> **Your objective**
Give again, word for word, each line below starting at the one that contains "Assigns the cell" and ending at the one that contains "Gamis Abaya Lebaran".

> **Material for this exercise**
━━━━━━━━━━━━━━━━

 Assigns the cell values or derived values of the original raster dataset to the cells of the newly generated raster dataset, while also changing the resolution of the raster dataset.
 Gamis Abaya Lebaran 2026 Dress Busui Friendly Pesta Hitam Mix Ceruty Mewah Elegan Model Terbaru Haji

━━━━━━━━━━━━━━━━

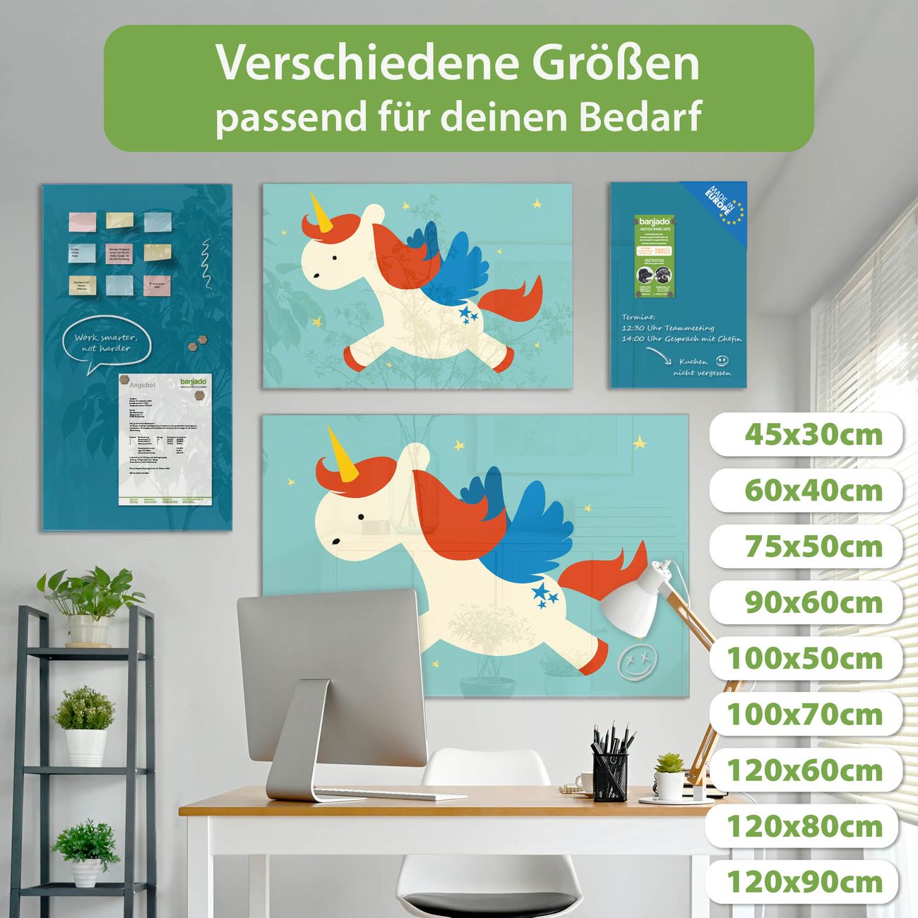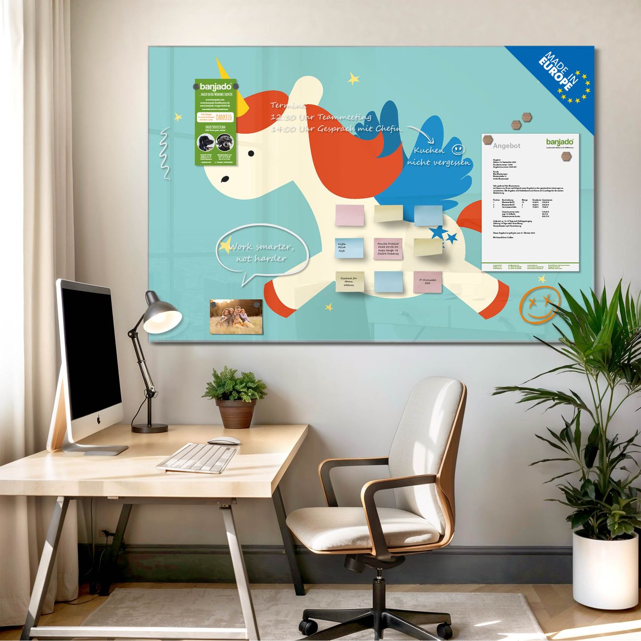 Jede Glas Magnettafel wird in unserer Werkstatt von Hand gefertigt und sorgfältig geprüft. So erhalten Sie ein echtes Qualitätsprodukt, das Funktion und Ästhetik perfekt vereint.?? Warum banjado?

━━━━━━━━━━━━━━━━

> **Result for this task**
 Assigns the cell values or derived values of the original raster dataset to the cells of the newly generated raster dataset, while also changing the resolution of the raster dataset.
 Gamis Abaya Lebaran 2026 Dress Busui Friendly Pesta Hitam Mix Ceruty Mewah Elegan Model Terbaru Haji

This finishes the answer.